I recently came back from JGI’s Microbial Genomics and Metagenomics workshop and wanted to blog about it.  The workshop’s purpose was focused on teaching scientists how to use IMG Data Management and Analysis Systems.  For the penny counters, the registration fee was $350 and they reserve hotel rooms at government rate of $101/night.  The workshop was five days long and was composed of hands on tutorials mixed with scientific talks.  Overall, I thought this was a pretty good workshop, however, I was frustrated with the fact that unless you have assembled data, 454 data, or collaborate with JGI, you are unable use IMG.  To me, assembly is a big part of analyzing datasets.  There are many programs to use, different kmer sizes, and it depends on what kind of dataset you have.  In my case, I have mainly datasets composed of 16S rDNA and assembly is quite difficult.
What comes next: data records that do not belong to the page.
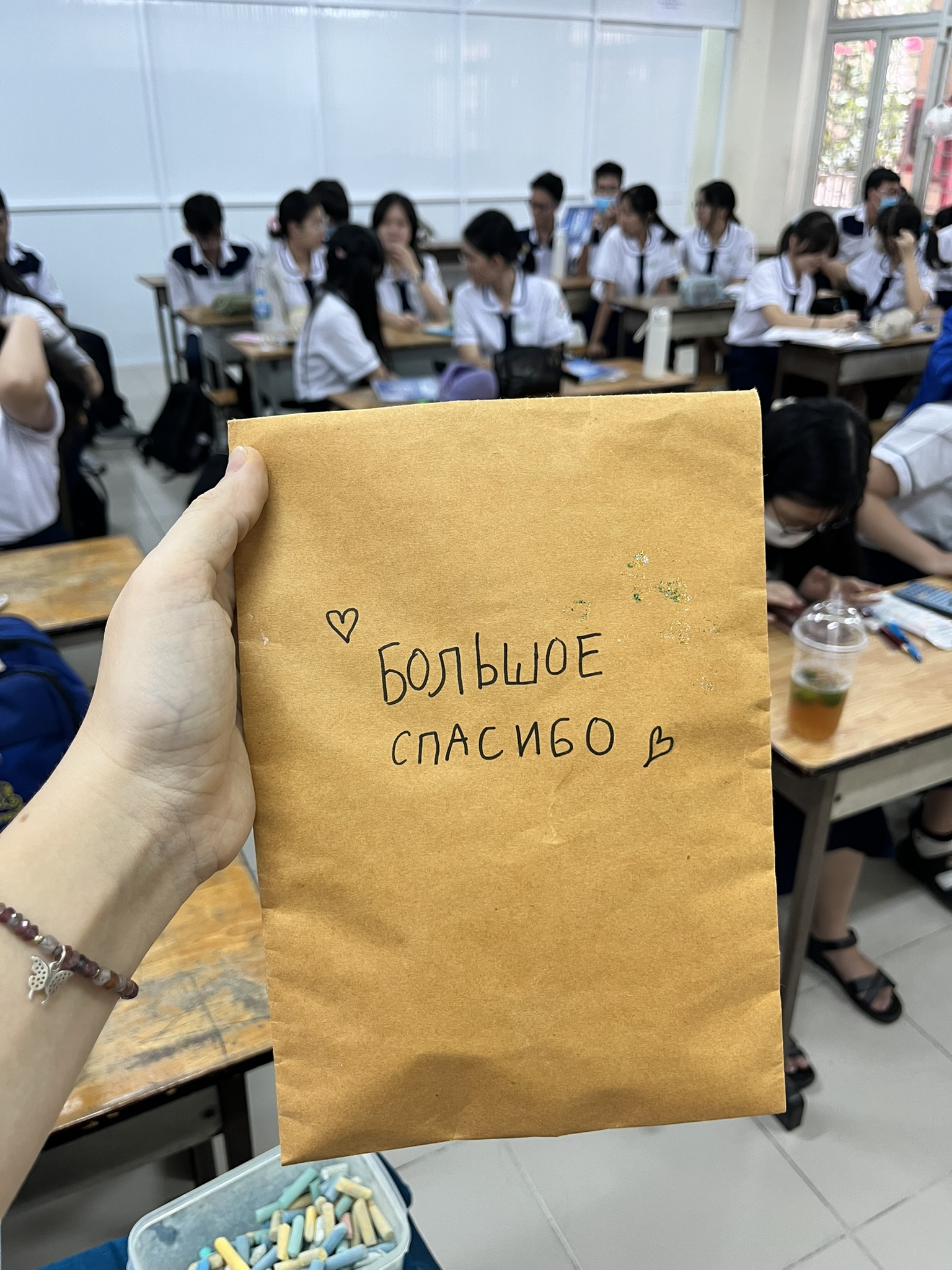 Топ самых необычных подарков, которые я получала во Вьетнаме, точно займёт отдельное место в моей памяти. Один класс попросил меня закрыть глаза и вытянуть из огромной коробки две вещи — мне попались соль и острая паста с креветкой. Потом были термосы, кружки с гравировкой и сумочка для бутылочки с водой. Это чисто азиатская тема: без воды на улицы Азии лучше просто не выходить, поэтому бутылки есть у всех. А чтобы не таскать их в руках, а тем более это неудобно на байке, сумочка для бутылки — отличный выход. Мои ученики сделали её сами, и я до сих пор пользуюсь ею дома, в России.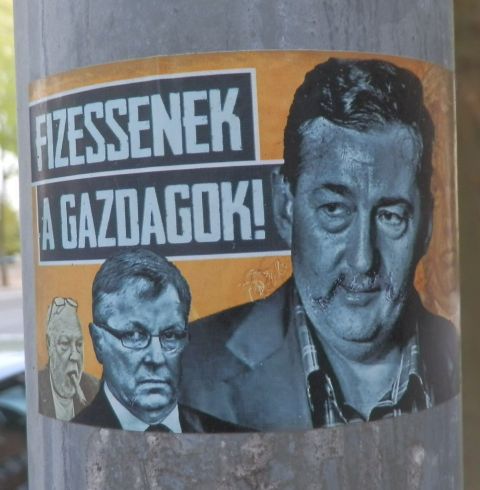 Az utóbbi években a spontán és névtelen politikai üzengetéseknek egy új fajtája is megjelent az utcákon. (Nem a hóba rajzolás, aminek néhány éve nagy keletje volt webkamerák látószögében és a Tisza-parton.) Mégpedig az apró matricák, amelyek gyorsan és tömegesen kerülhetnek a függőleges felületekre. Ezekben olykor sokkal több innovációt látok, mint a választási plakátok vagy plakáthelyek összefirkálásában, ráadásul ebben az esetben még azt se mondhatjuk, hogy az üzenetek gyártóinak az ilyesmi ne kerülne pénzébe. A népi, politikai folklórnak persze vannak olyan változatai, amelyeket már csak azért sem ártana most rögzíteni, mert egyáltalán nem biztos, hogy még évek múlva is érthetőek lesznek. (Lásd az O1G mintájára készült F1G matricát.)
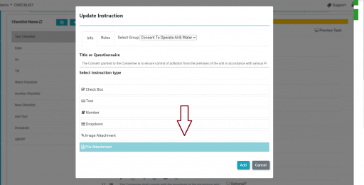 Login>Asset & PPM>Checklist and add the checklist. In the type option, you can check the option to add a document-related instruction named “File Attachment”(refer to screenshot)-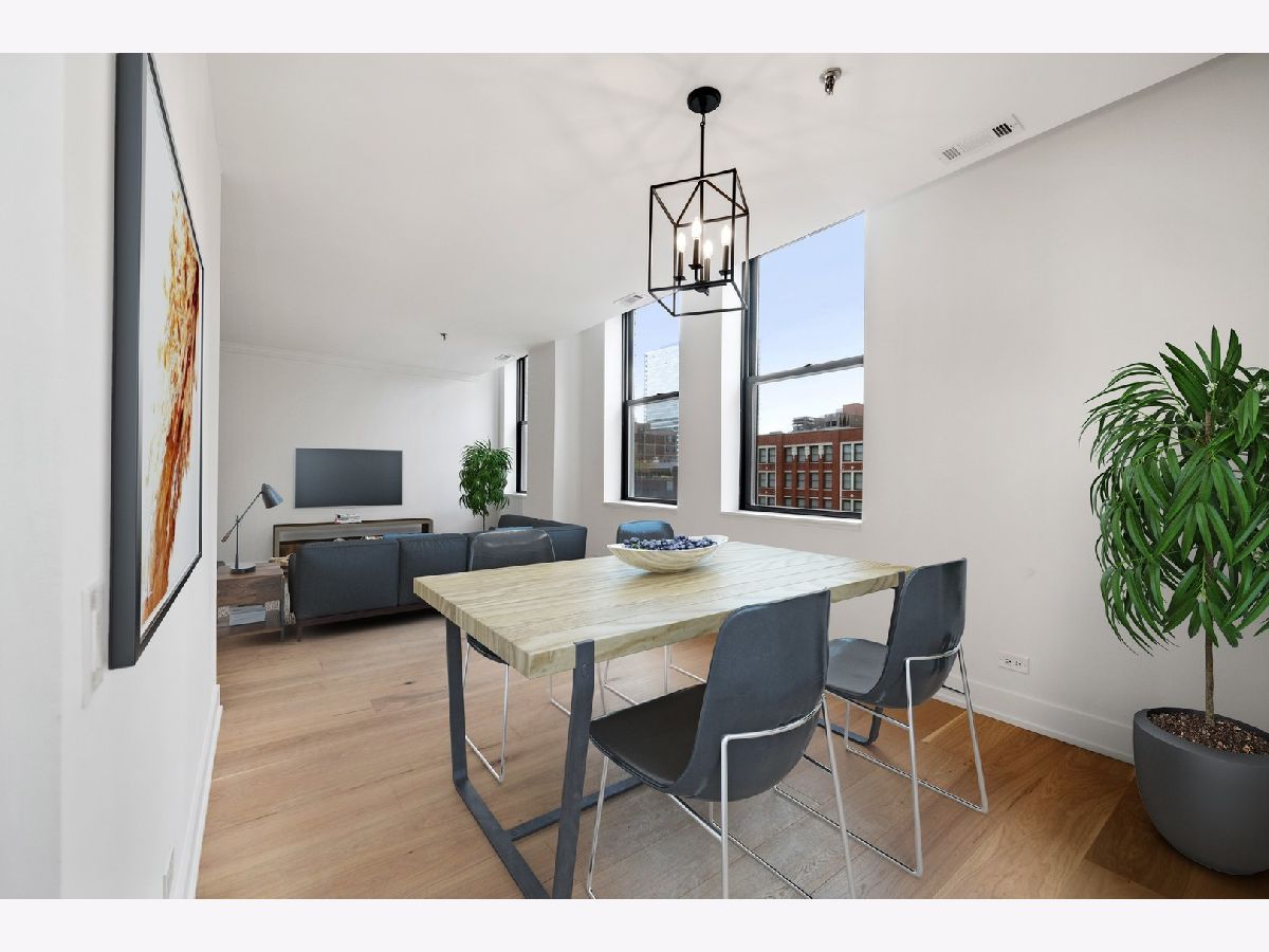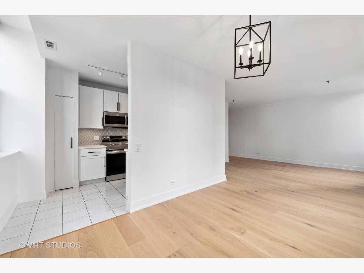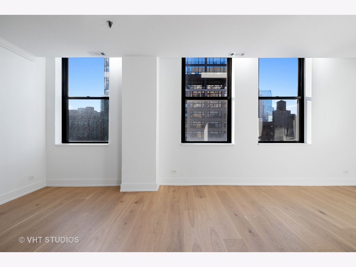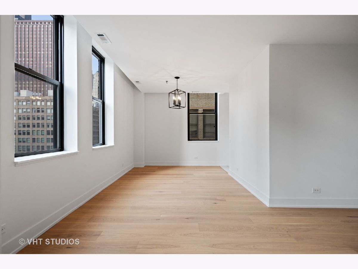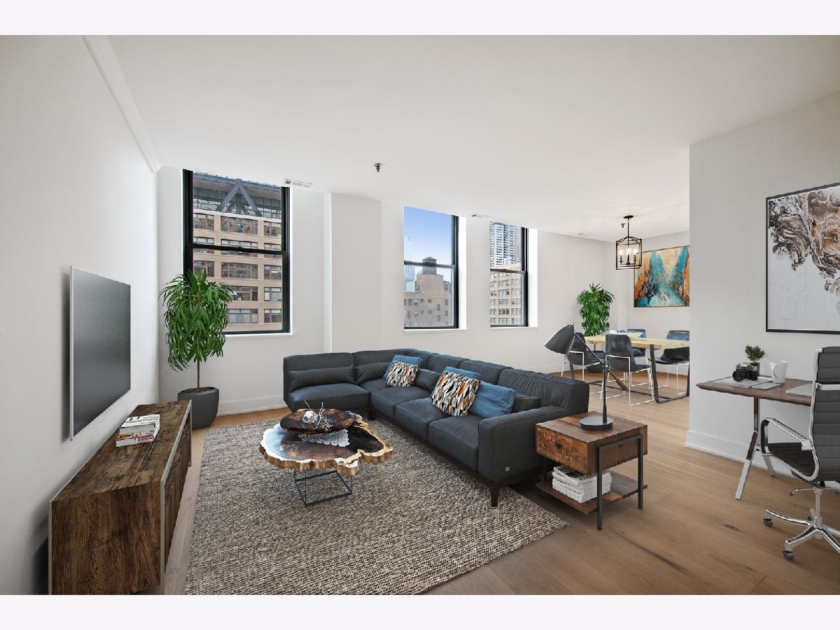 Chic + bright brand new 1BR large corner unit in prime Printer's Row! Everything new in 2021 including furnace, central AC and WASHER/DRYER IN UNIT. Brand new kitchen with 42 inch wood white shaker style cabinets with under cabinet lighting, matte black fixtures, white quartz counters, backsplash, and SS Samsung fridge, oven, microwave and dishwasher opens up to dedicated dining area. Spacious living/dining/office or workout studio area features 4 huge windows and awesome city views. Stylish new black + white bath features glass shower with full height tile surround, matte black fixtures, quartz counters on new vanity with great storage. Wide plank farmhouse wood floors, separate workout/den nook, brand new carpet in king-sized bedroom, incredible in unit storage includes coat, hall/linen + pantry closets plus additional extra storage right on your floor complete this awesome home. Fitness Center + Full Service Dry Cleaner onsite! Steps to all of Printer's Row dining, parks, shopping, Grant Park, Millennium Park, Lake Michigan, Art Institute + schools.

Nevertheless, there are some amazing features IMG has.  First, IMG database is free available to anyone.  One of the perks of working with the JGI is that they require the researcher to make the datasets publicly available.  Anyone can make an account with IMG and span through the thousands of genomes, metagenomes, and transcriptomes online.  The workshops has tutorials for almost every part of IMG (IMG, IMG-M, IMG-ER, IMG-MER, IMG-HMP).  Now, the tutorials go quite fast and you cannot access IMG when the tutorial is going on because the system will slow down but IMG is quite user friendly.  I was recently scanning my notes using IMG and I found if I just browse around I can eventually get when I wanted to go.  In all IMG has tools that can compare genomes, find genes of interest, find a function of interest (KEGG, COG, Pfam, etc), and compare genomes (dot plots, distance trees, compare function).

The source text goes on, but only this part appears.